Friday, December 20, 2013

Home of the Winter Solstice

Sunlight can only enter the tumulus chamber
for 20 minutes on midwinter day 
by Arthur Russell

The Neolithic tumulus of Newgrange on the northern bank of the River Boyne in Ireland has become a place of pilgrimage at this time if year for people who want to witness the phenomenon of the Winter Solstice sunrise as it sends a thin shaft of sunlight right to the back of the chamber deep within the circular mound, which was constructed over 5000 years ago by the earliest dwellers of the Boyne Valley. It is the only time of year that this happens and represents an impressive logistical and technical achievement for the society that created it.

The Newgrange tumulus structure predates the Giza pyramids in Egypt by 500 years; Stonehenge on the sister island of Great Britain by a millennium. It bears witness to a level of building prowess as well as astronomical awareness which is truly amazing. 

The unique “Solstice effect” is created by the precise alignment of the rising sun on the shortest day of the year with the back of the chamber and the window box over the entrance to the 19 metre passage which joins the chamber to the outside world. 

The passage is lined by a series of large stones which weigh several tons each. The mound is encircled by a series of huge kerbstones, most with distinctive carvings. Each stone that makes up the monument had to be dragged for many kilometers to be finally put in place; this at a time when only man and horse power was available to perform such tasks. It is also speculated that the several stones in the structure which did not originate from the local area had to be transported by boat from sites along the east coast of Ireland, via the Boyne estuary. It is estimated that the building project must have taken a huge commitment in terms of time and labour from the society who devised, planned and built it. It is thought the work was done over a prolonged period involving at least 2 but possibly more generations of that society. This indicates a peaceful and stable society who had the peace and freedom to see such a complex project through from beginning to end. 

Outside, the base of the mound
is retained by 97 large stones,
lying horizontally, many of which
have beautifully carved designs:
spirals, lozenges, zigzags, and other
ancient symbols. The huge stone at
the entrance is the most famous of
all; especially the carvings of a
triple spiral, double spirals,
concentric semi-circles, and lozenges
similar to those found at Gavrinis.

Above the entrance is a 'roof-box', which precisely aligns with the rising sun at the winter solstice so that the rays touch the ground at the very centre of the tomb for about 20 minutes. Many of the upright stones along the walls of the 19 metres (62ft) passage, which follows the rise of the hill, are also richly decorated. The cruciform chamber inside the mound measures 6.5 x 6.2m, has three recesses, and is topped by a magnificent corbelled roof reaching to a height of 6m above the floor. In the recesses are three massive stone basins that presumably had some ritual purpose.

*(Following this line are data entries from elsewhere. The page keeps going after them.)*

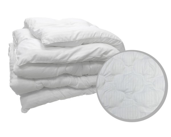 Одеяло ширина 140см, длина 205см, наполнитель - 1,2кг тонкое полое силиконизированное микроволокно "Искусственный Лебяжий пух" 100% ПЭ, верх - микрофибра 100% п/э, по краю чехла кант. Упаковано в сумку-чемодан ПВХ+спандбонд. ГОСТ Р 55857-2013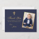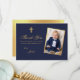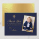 Um simples, mas elegante cartão de agradecimento de batismo. No lado direito, há uma foto inclinada em uma moldura de falso ouro. No esquerdo, sob uma cruz de falso ouro, o texto é escrito em letras douradas, com as palavras Thank You e a assinatura em uma elegante fonte caligráfica. O fundo é azul-marinho, a parte de trás é folha de falso ouro.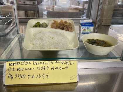 今年度最後の給食は、韓国風の献立です。美味しく感謝していただきました。
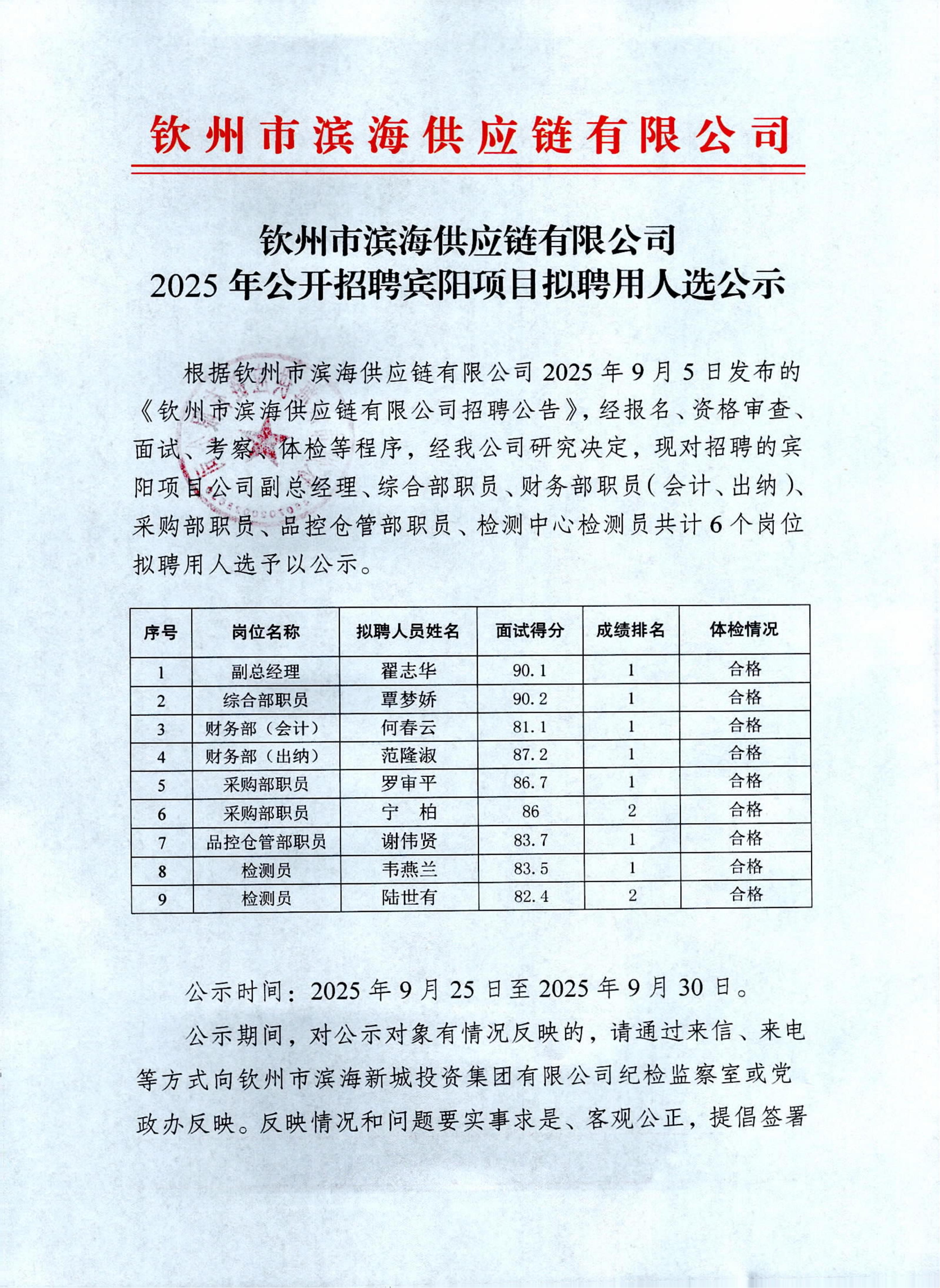 欽州市濱海供應鏈有限公司2025年公開招聘賓陽項目擬聘用人選公示

The distinctive trifoliate carving in the chamber
which symbolizes life, death and eternity
The Newgrange monument raises many questions that can never be satisfactorily answered.

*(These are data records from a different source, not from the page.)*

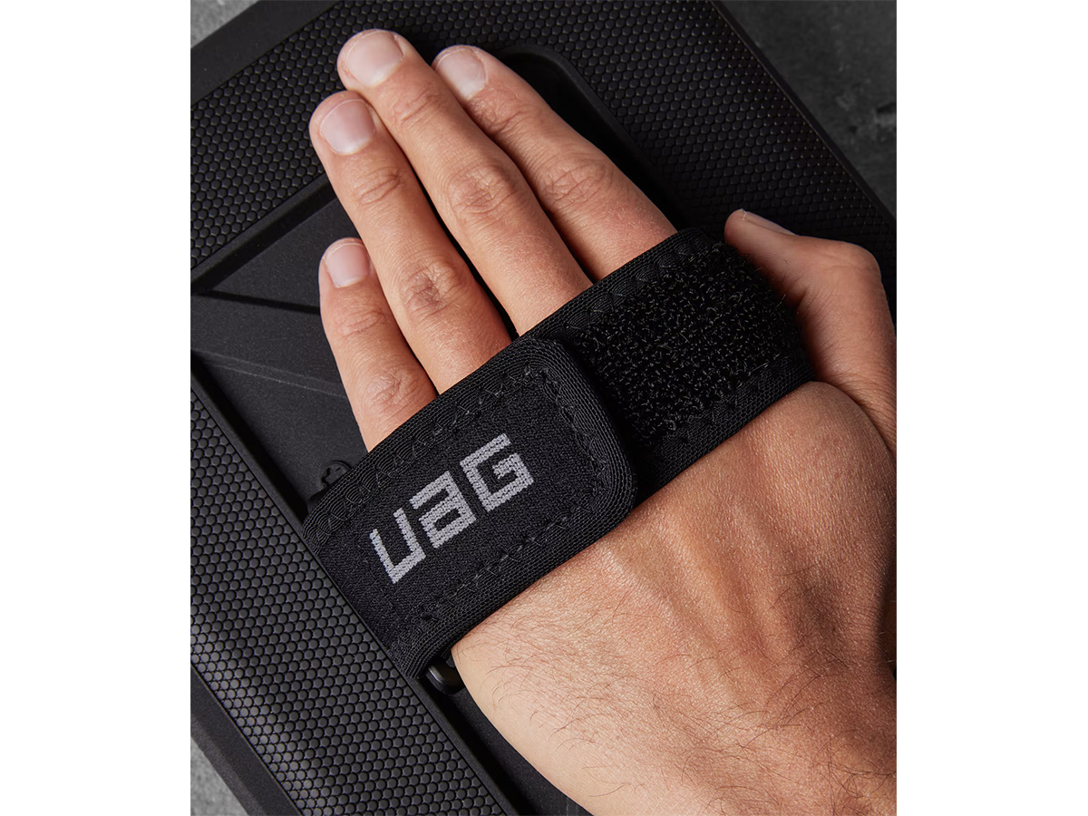 Het handige hand grip achterop deze UAG case is de meest onderscheidende eigenschap van dit iPad hoesje. Deze handgrip maakt het mogelijk om de iPad vast te houden zonder deze continu vast te hoeven klemmen, met pijnlijke handen tot gevolg. Steek uw hand door het verstelbare handvat en laat de iPad simpelweg op uw hand rusten terwijl de band voorkomt dat deze kan vallen. Zo heeft u optimale grip, controle én comfort. Dit maakt een enorm verschil, met name bij staand en lopend gebruik van de iPad.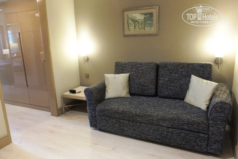 Номер сам по себе очень хороший, двухкомнатный и светлый. Особенно поразило многообразие подушек на кровати и прикроватное Pillow menu. В номере есть набор для чаепития, в ванной комнате - наборы для душа, сейф (бесплатно),минибар (бесплатно) с регулярным ежедневным пополнением.Утюга нет, данный сервис предлагается за доп.плату.
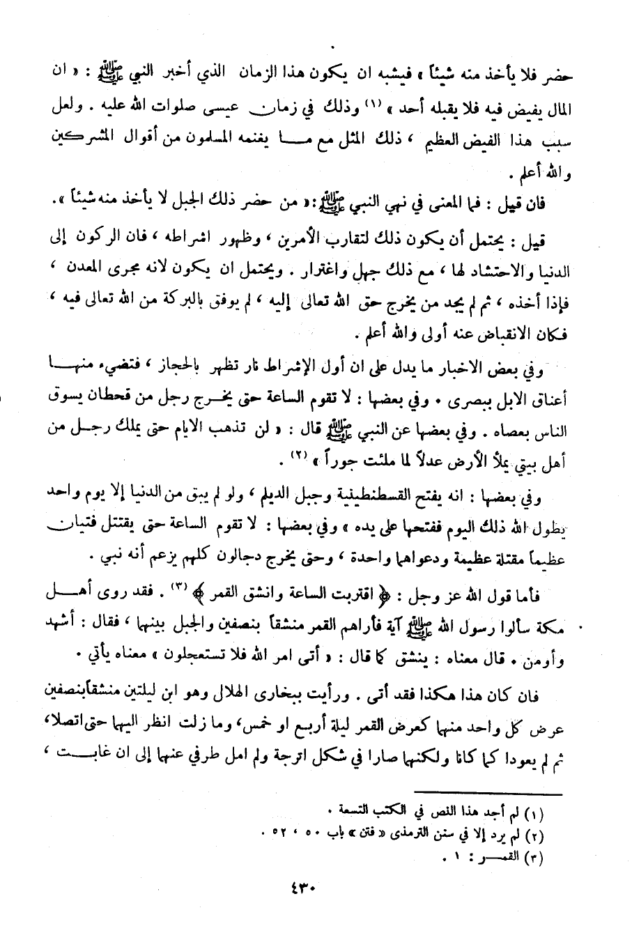 حضر فلا يأخذ منه شيئا) فيشبه أن يكون هذا الزمان الذي أخبر النبي صلى الله عليه وسلم: "إن المال يفيض فلا يقبله أحد" وذلك في زمان عيسى صلوات الله عليه. ولعل سبب هذا الفيض العظيم، ذلك المثل مع ما يغنمه المسلمون من أقوال المشركين والله أعلم.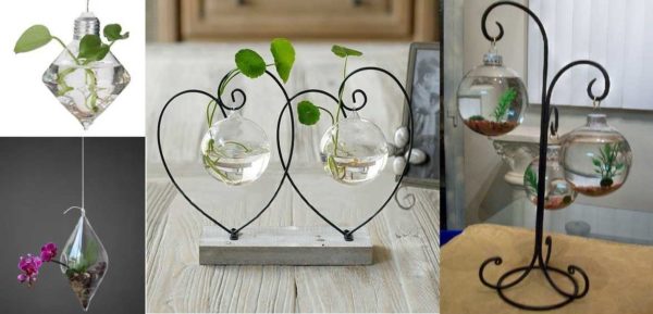- Емкость для флорариумов должна способствовать сохранению влаги. Шары или другие емкости с отверстиями сбоку отлично для этого приспособлены. Чуть хуже если отверстие сверху, но оно меньшего диаметра. Ровные по всей ширине сосуды подходят для кактусов и суккулентов. Им повышенная влажность ни к чему. Но если хотите, можно посадить и тропическое растение. Но в этом случае понадобится крышка.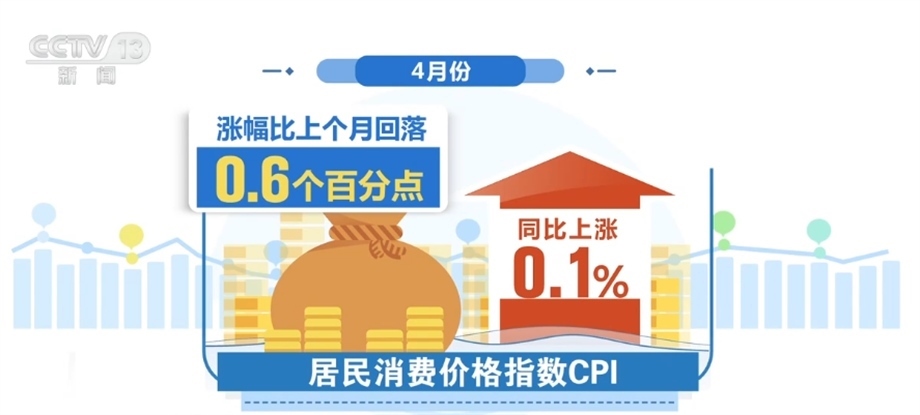 國家統(tǒng)計局新聞發(fā)言人付凌暉介紹,今年以來,居民消費價格指數(shù)也就是CPI同比漲幅總體上是回落的,4月份同比上漲0.1%,漲幅比上個月回落了0.6個百分點,CPI走低主要是一些階段性因素影響。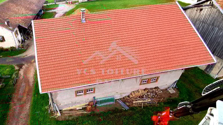 Toiture de bâtiment agricole en tuile mécanique.

Did it and the nearby satellite sites at Knowth and Dowth have a purely religious focus? Or was the focus on sun worship. i.e was Newgrange a monument of light?

Another theory is that its main focus was ancestor worship?
The reasoning for this is that the tumulus was designed to be a complex repository for the cremated remains of the great and the good of Neolithic society that were found in the huge stone basins in the chamber when it was discovered? Or was it a curious mixture of all three?

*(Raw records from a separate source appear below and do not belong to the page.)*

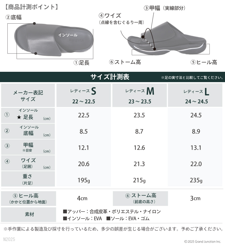| 素材 | アッパー:合成皮革・ポリエステル・ナイロン インソール:EVA アウトソール:EVA・ゴム |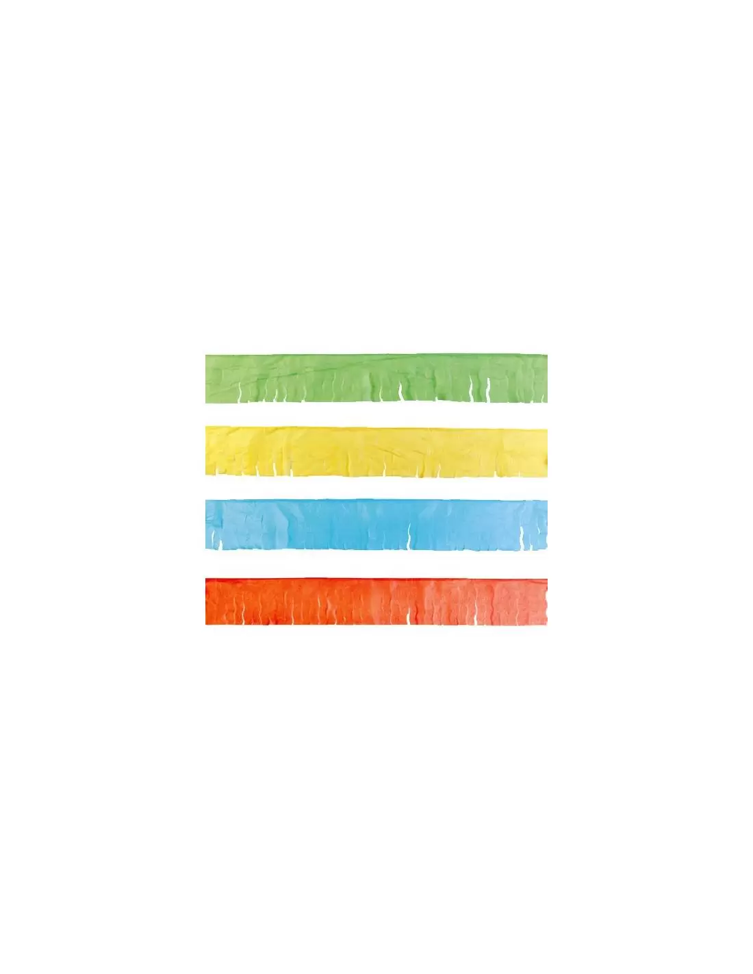 Tissue paper fringe 50 meters long and 17 centimeters high and available in different colors.
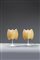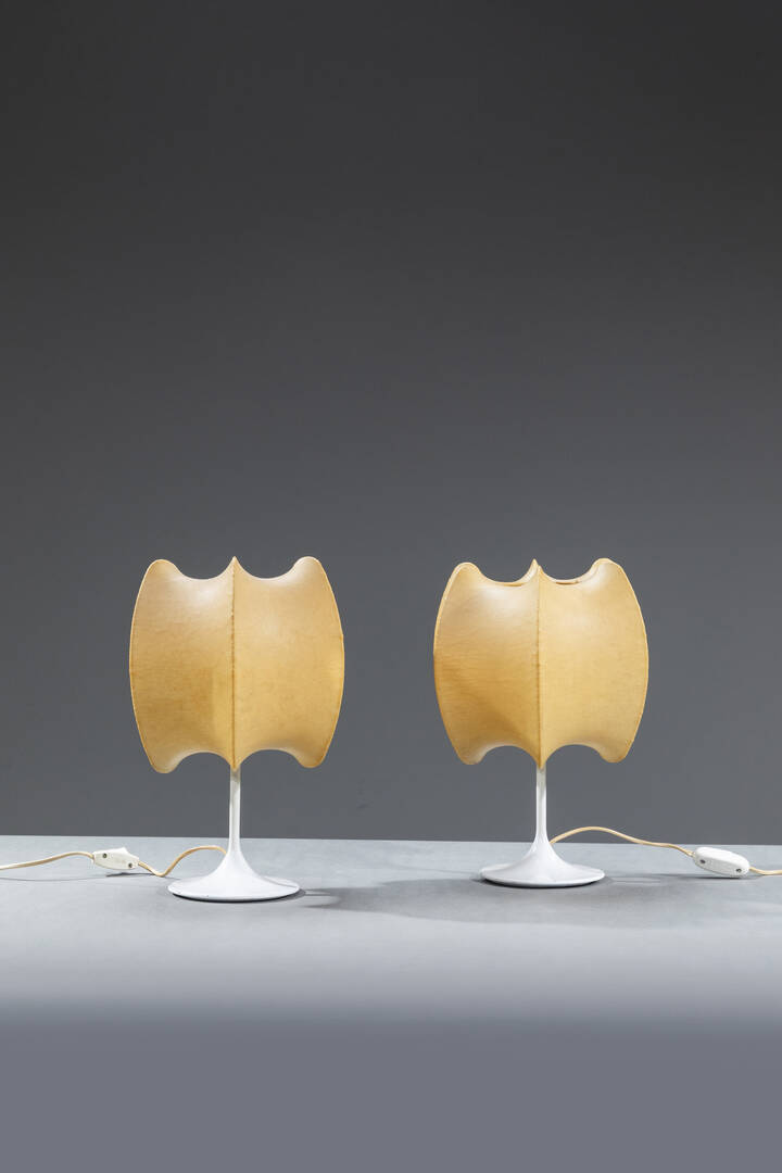 Coppia di lampade da tavolo con struttura in metallo laccato e paralume in coccon.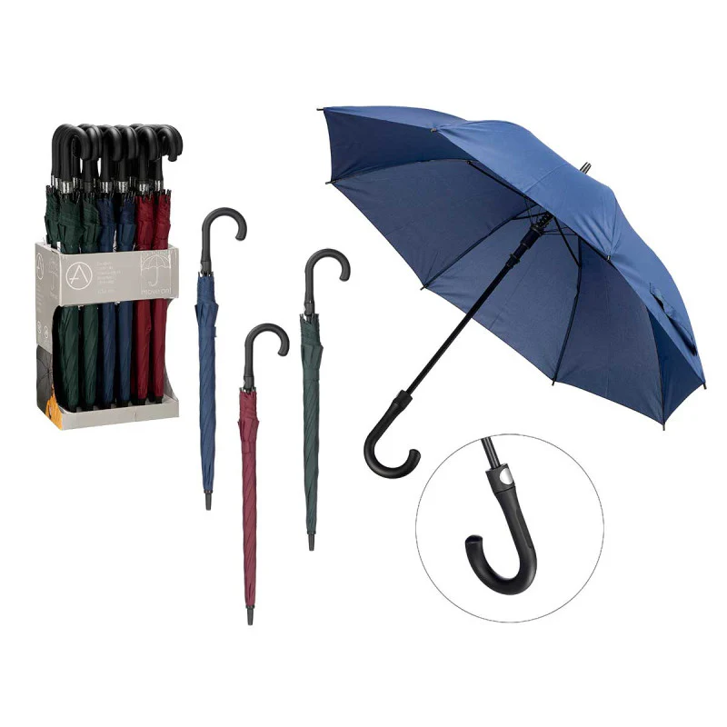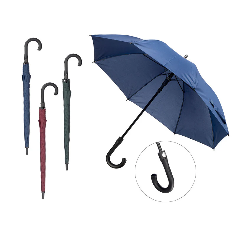Resguárdate de la lluvia con estilo y comodidad gracias a este paraguas largo automático, disponible en elegantes colores neutros como azul marino, granate y verde oscuro. Fabricado con materiales de alta calidad como tela pongee 100% poliéster, estructura de acero y varillas de fibra de vidrio, garantiza resistencia y durabilidad incluso en días ventosos.

What is certain is that 5000 years ago there was a relatively sophisticated society living in the Boyne Valley who had the knowledge and ability to read the skies above them, who were able to follow through to make such impressive constructions using Stone Age technology.

Who were these people who lived on a remote island in north western Europe which had not so long emerged from the Ice Age - and what became of them?

The likelihood is that they and their culture continued to exist and evolve over the aeons; but had to accept and absorb the impositions of later influxes and invasions of tribes from Europe, who brought their own beliefs and technology to help form what eventually evolved into what was to become the ancient Gaelic culture which preceded Christianity when it arrived in the 5th century AD. This probably explains why the monuments fell into disuse, and out of memory until they were rediscovered in more recent centuries.

The passage entrance kerbstone (with distinctive carvings);
along with the window box through which sunlight enters
the chamber on mid-winter day.
The tumulus was “lost” after the Neolithic era, though the nearby site of Rossnaree was reputed to be the burial place for a succession of Irish High Kings until early Christian times; a fact which spawned its own share of myths and legends centred on the same area located on the bend of the river Boyne. Newgrange lived on in folklore until it was accidentally discovered by the landowner of the site in 1699 AD. It quickly became an object of interest to antiquarians some of whom conducted superficial excavations and who could only guess at its role and purpose.

An extensive excavation was initiated under the guidance of Professor M J O’Kelly which started in 1962 and finished in 1975. This comprehensive study yielded much valuable information that allowed academics to reach significant conclusions on the purpose of the complex. Despite this, the monument retains its aura of mystery which will probably never be completely deciphered. Also as part of the investigative work, the site was developed so that it could be opened to the public in the site now called “Brú na Bóinne” (The Boyne Centre). It is one of the main tourist sites in Ireland which hosts streams of visitors every year in its excellent interpretive centre which endeavors to explain the Newgrange and Boyne valley phenomenon. Every year at Solstice time, crowds gather to be present as the sun emerges over the high ground to the east. The sunlight is reflected off the white quartz façade which has been rebuilt around the main entrance. A lucky few visitors, who are chosen by lottery months before; are allowed to enter the chamber to witness the yearly miracle of sunlight shining into the chamber.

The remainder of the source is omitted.